# [Work to be completed]
Copy exactly. Begin at the line containing "decorativas en paredes." and stop at the last line of the entries, omitting any pictures.

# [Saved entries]
● ● ● ● ●
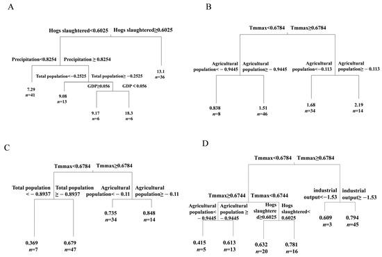 The regression tree analyses were separately conducted for each of the four aforementioned diversity indices (Figure 6). In terms of the Chao1 index, the primary split was defined by the number of hogs slaughtered, followed by precipitation, whereas the Shannon–Wiener index was firstly divided by the maximum temperature (Tmmax) and then by the agricultural population. Similarly, the Simpson index was initially divided by the maximum temperature (Tmmax) and further subdivided by factors such as total population and agricultural population. The primary split of the Pielou index was defined by the maximum temperature (Tmmax), followed by the total industrial output value (industrial output). These results suggested that climatic factors, particularly the maximum temperature, exhibited stronger predictive power compared to human-driven factors. However, the impacts of human-driven factors, such as agriculture and breeding industry, on fish diversity remained significant and nonnegligible.
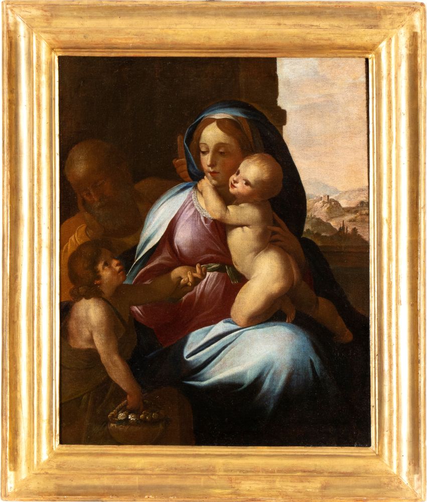 Ventura Salimbeni (Siena, 1568 - 1613) Sacra Famiglia con San Giovannino Olio...
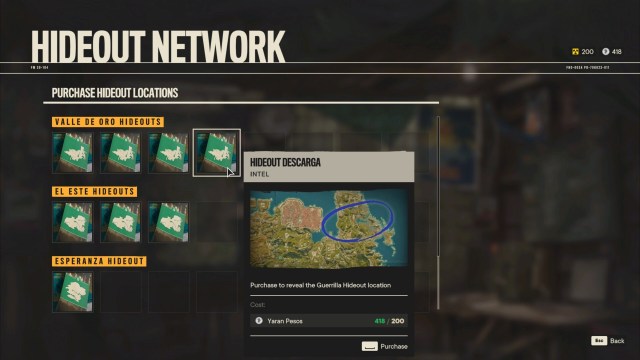 Guerrilla hideouts (small house icon) – Compared to bases, these are definitely smaller. They will always have a workbench and a Los Bandidos board, but they’re sparse when it comes to other fixtures. For instance, one camp near roads might have a means of accessing cars or horses, but those close to the rivers would only let you spawn boats. You can purchase the Hideout Network upgrades to buy maps from an NPC. These will reveal the locations of camps, allowing you to fast travel immediately.
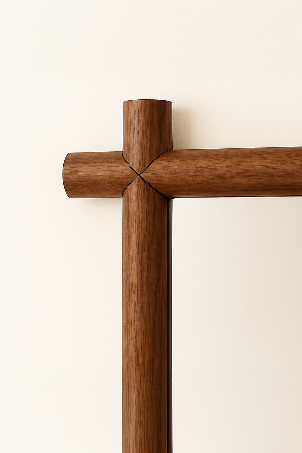 Frame Ayna, yalın geometriyi endüstriyel bir incelikle buluşturur. Kalın tübüler çerçevesi ve hassas metal birleşim noktalarıyla tanımlanan bu parça, fonksiyonel bir objeyi yapısal bir ifadeye dönüştürür.
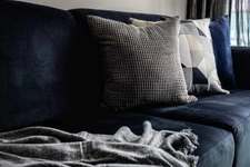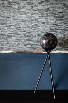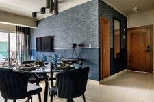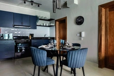 • Sala / Comedor con mobiliario de diseño contemporáneo y texturas decorativas en paredes.
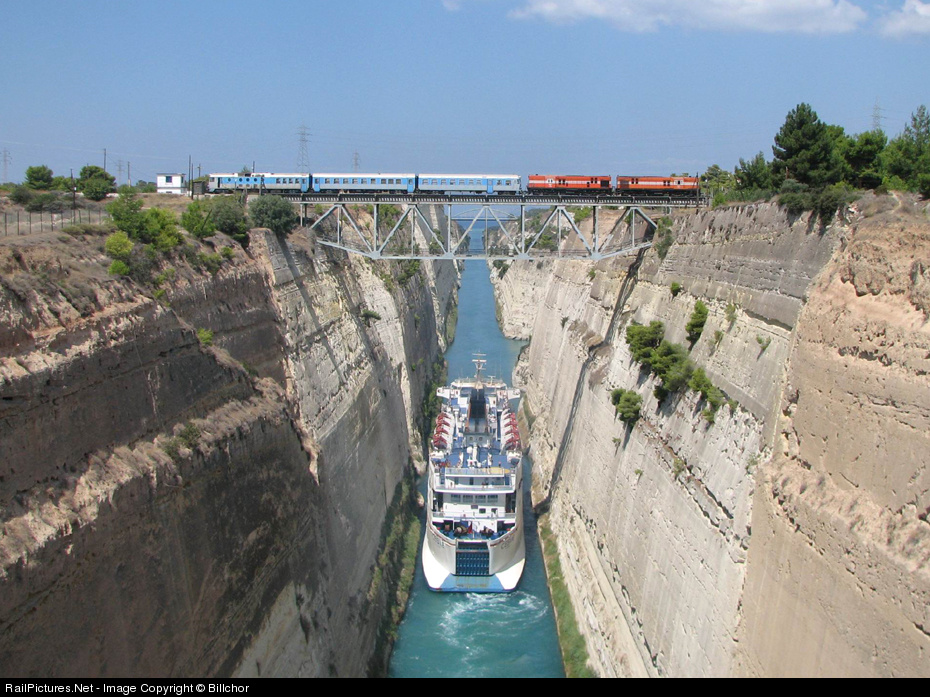 | A pair of Alcos ,A9406 and A9111, led on a dmu unit.This passenger train will do the next day the excurcion for European railfans ,from Athens to the south. After 2 years a passenger crossing this unique bridge.I suprised when i see the cruise ship and i pleased the train drivers by the radio to stop the train for a minute and i thank them for this shot. |
● ● ● ● ●
# [Task answer]
 • Sala / Comedor con mobiliario de diseño contemporáneo y texturas decorativas en paredes.
 | A pair of Alcos ,A9406 and A9111, led on a dmu unit.This passenger train will do the next day the excurcion for European railfans ,from Athens to the south. After 2 years a passenger crossing this unique bridge.I suprised when i see the cruise ship and i pleased the train drivers by the radio to stop the train for a minute and i thank them for this shot. |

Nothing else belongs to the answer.